> Data listing:
════

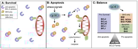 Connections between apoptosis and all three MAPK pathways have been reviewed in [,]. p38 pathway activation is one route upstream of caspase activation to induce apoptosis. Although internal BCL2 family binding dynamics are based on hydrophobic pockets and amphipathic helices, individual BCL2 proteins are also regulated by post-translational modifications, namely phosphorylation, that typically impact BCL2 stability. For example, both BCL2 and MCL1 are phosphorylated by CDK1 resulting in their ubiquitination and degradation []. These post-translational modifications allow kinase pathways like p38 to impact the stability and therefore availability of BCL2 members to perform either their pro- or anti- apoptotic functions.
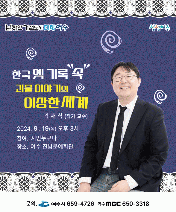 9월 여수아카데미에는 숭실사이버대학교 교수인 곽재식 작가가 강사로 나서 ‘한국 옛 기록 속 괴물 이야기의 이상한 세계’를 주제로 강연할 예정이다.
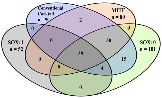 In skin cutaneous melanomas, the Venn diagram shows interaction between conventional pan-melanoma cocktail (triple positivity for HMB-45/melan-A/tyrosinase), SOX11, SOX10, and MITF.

════

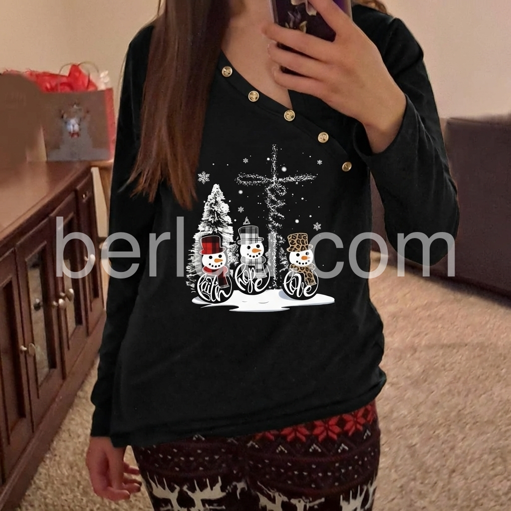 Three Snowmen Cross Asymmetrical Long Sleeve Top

════

> Task objective:
What belongs in the answer is each line above from the line with "9월 여수아카데미에는 숭실사이버대학교" to the line with "In skin cutaneous", inclusive, reproduced exactly and free of pictures.

> Solution for this exercise:
 9월 여수아카데미에는 숭실사이버대학교 교수인 곽재식 작가가 강사로 나서 ‘한국 옛 기록 속 괴물 이야기의 이상한 세계’를 주제로 강연할 예정이다.
 In skin cutaneous melanomas, the Venn diagram shows interaction between conventional pan-melanoma cocktail (triple positivity for HMB-45/melan-A/tyrosinase), SOX11, SOX10, and MITF.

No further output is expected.